Deze verschillende uitkomsten verklaarden we aan de hand van eerdere keuzes en
resultaten en van achtergrondkenmerken zoals het geslacht van de leerling, haar/zijn
geboortedag tijdens het jaar, het onderwijsniveau van haar/zijn moeder en vader, haar/zijn
geboortejaar en haar/zijn aantal broers en zussen.
Om het effect van overzitten zuiver te kunnen meten, moeten we voor elke
zittenblijver de schooluitkomsten vergelijken met deze die gerealiseerd zouden zijn indien
de leerling het schooljaar niet had overgedaan. Laatstgenoemde uitkomsten zijn per
definitie niet waarneembaar voor een zittenblijver. Wetenschappers proberen dit
probleem op te lossen door de uitkomsten van de zittenblijvers te vergelijken met deze
van een controlegroep die wel naar het volgende schooljaar overging. Dit leidt echter tot
het klassieke “selectieprobleem”. De vergelijking meet immers enkel het “zuiver” effect
van overzitten, indien de twee groepen (zittenblijvers en controlegroep) vergelijkbaar zijn.
Het is niet zo moeilijk om rekening te houden met waarneembare verschillen, zoals de
achtergrondkenmerken en voorgaande studiekeuzes. Maar dit volstaat niet, want ook niet-
waarneembare factoren vertroebelen de vergelijking. Zittenblijvers zijn vaak minder
intelligent en gemotiveerd dan leerlingen die wel naar een volgende schooljaar overgaan.
Onder de veronderstelling dat deze niet-waarneembare factoren uni-dimensionaal zijn en
omdat we meerdere schoolovergangen per individu waarnemen, laat onze
modelleringsstrategie toe om hiervoor uit te zuiveren.
5
Naast het voornoemde klassieke selectieprobleem houdt onze analyse ook rekening
met het zogenaamde “dynamisch selectieprobleem”. Dit laatste wordt veroorzaakt
doordat enkel de meest bekwame en gemotiveerde jongeren school blijven lopen: de
anderen vallen voortijdig uit (voor een uitgebreide bespreking, zie Baert en Cockx, 2013).
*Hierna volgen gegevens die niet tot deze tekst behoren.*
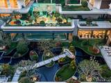 “一心”——位于小区中央的阳光草坪、核心景观会客斤;“一环”——小区中央设置环形夜光慢跑跑道;“两轴”——分为艺术文化轴和社区生活轴;“N庭”——在小区内设有多个运动休息及会客的绿化景观庭院,每个庭院的绿化设计都不相同各有特色。

Ons onderzoek is één van de weinige bijdragen in de literatuur die niet alleen corrigeert
voor beide selectieproblemen, maar er ook rekening mee houdt dat het effect van
overzitten niet voor elke leerling hetzelfde is, maar kan variëren met de voornoemde, al
dan niet waarneembare, factoren.
III. Wat overzitten doet: effect op evaluatie in het volgende
studiejaar
De beslissing om over te zitten hangt nauw samen met de evaluatie die men krijgt op het
einde van het academiejaar. Vanuit die optiek vergelijken we in onze analyses steeds
schooluitkomsten voor overzitters zoals ze zich voordeden met schooluitkomsten voor
dezelfde individuen in de hypothetische situatie waarin ze een evaluatie zouden gekregen
hebben die niet aanleiding zou hebben gegeven tot overzitten. In wat volgt, zullen we zo
telkens de schooluitkomsten voor individuen die een C-attest kregen vergelijken met wat,
volgens ons model, gebeurd was indien ze een A-attest hadden gekregen. In ons
discussieartikel (zie eerder) vergelijken we ook het gevolg van een C-attest (en dus
overzitten) met een B-attest (en dus de keuze tussen overzitten en afstromen).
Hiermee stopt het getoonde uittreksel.